▶ [DATA EXTRACT]:
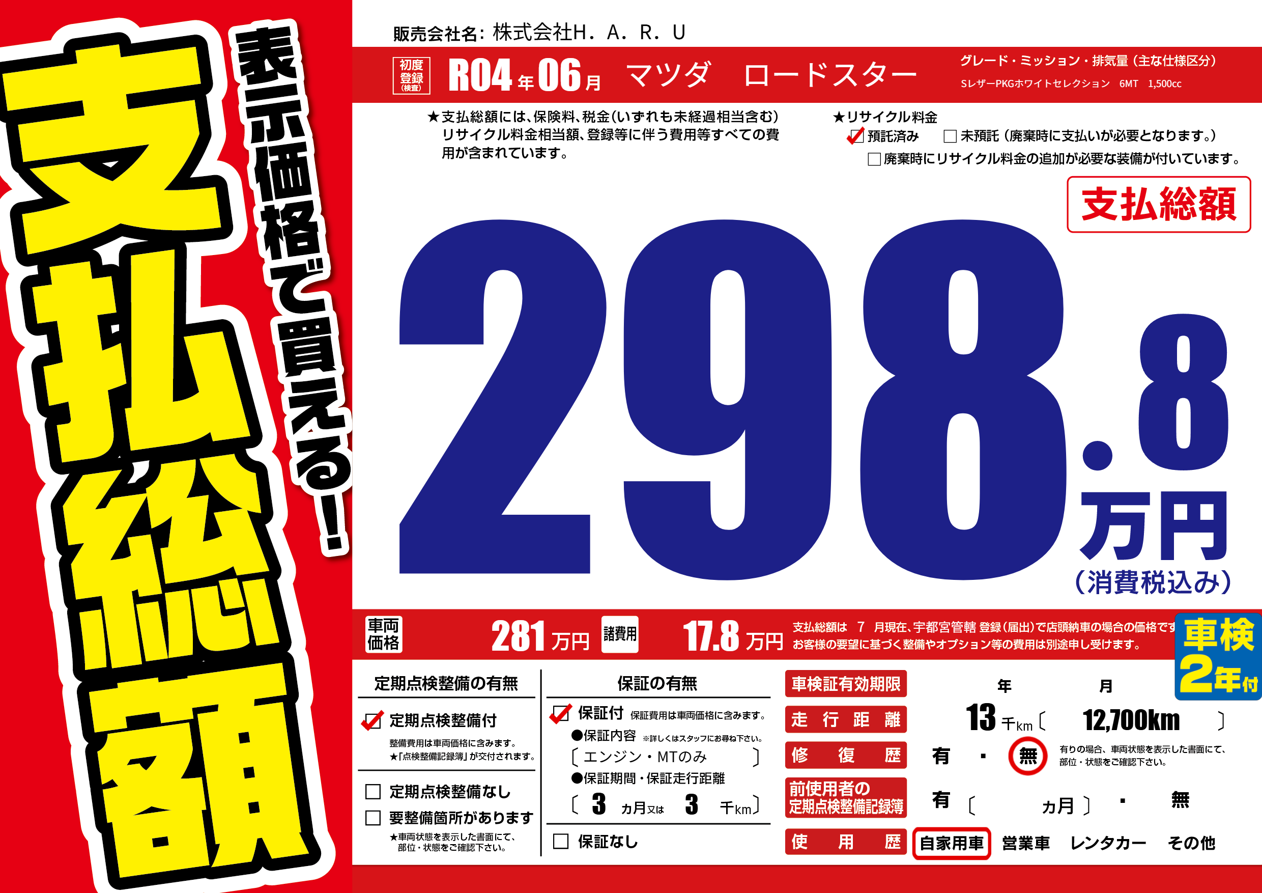 | 車名 | マツダ ロードスター | グレード ミッション 排気量 |
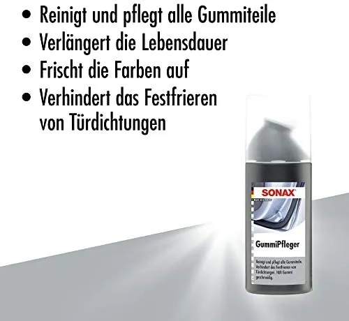 Reinigt und pflegt alle Gummiteile am Auto und hält sie elastisch. Verlängert die Lebensdauer des Gummis und frischt die Farben auf. Verhindert im Winter das Festfrieren von Türdichtungen. Auch Reifen und Fussmatten lassen sich mühelos reinigen und erhalten ihren ursprünglichen Glanz zurück. Erhältlich auch mit praktischem Schwammapplikator.
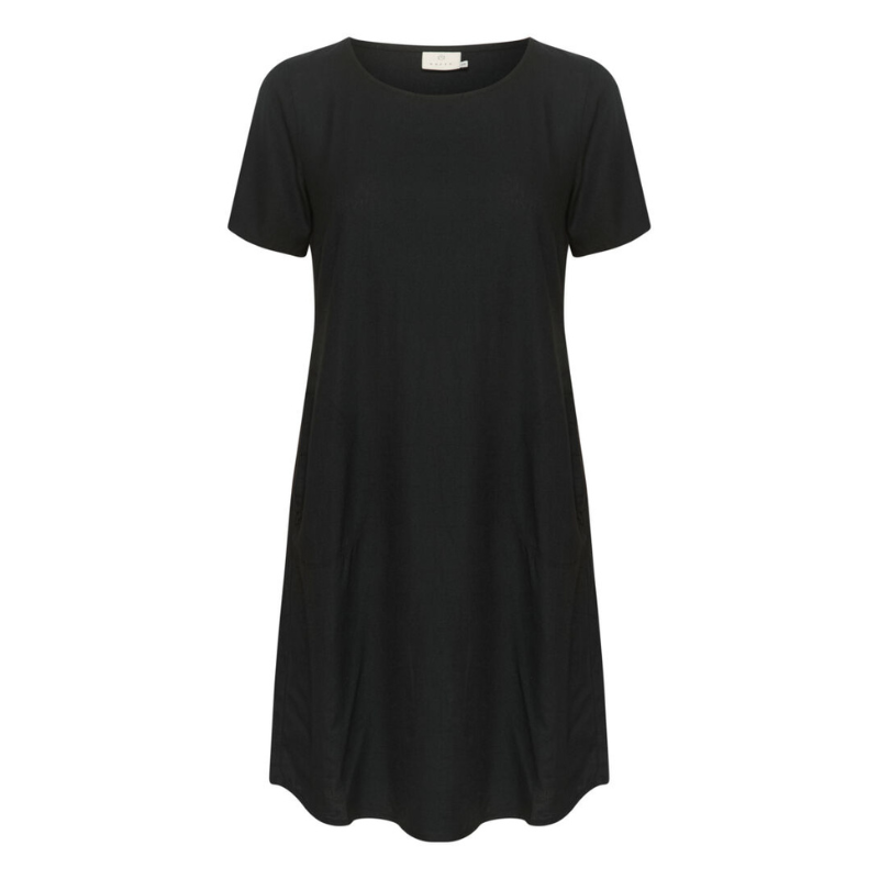 Fin og enkel kjole fra Kaffe. Kjolen har rund hals, korte ærmer og lommer i siden.

▶ [WORK REQUIRED]:
Leave out the pictures, and write out all the remaining data above exactly.

▶ [SOLUTION FOR THIS EXERCISE]:
 | 車名 | マツダ ロードスター | グレード ミッション 排気量 |
 Reinigt und pflegt alle Gummiteile am Auto und hält sie elastisch. Verlängert die Lebensdauer des Gummis und frischt die Farben auf. Verhindert im Winter das Festfrieren von Türdichtungen. Auch Reifen und Fussmatten lassen sich mühelos reinigen und erhalten ihren ursprünglichen Glanz zurück. Erhältlich auch mit praktischem Schwammapplikator.
 Fin og enkel kjole fra Kaffe. Kjolen har rund hals, korte ærmer og lommer i siden.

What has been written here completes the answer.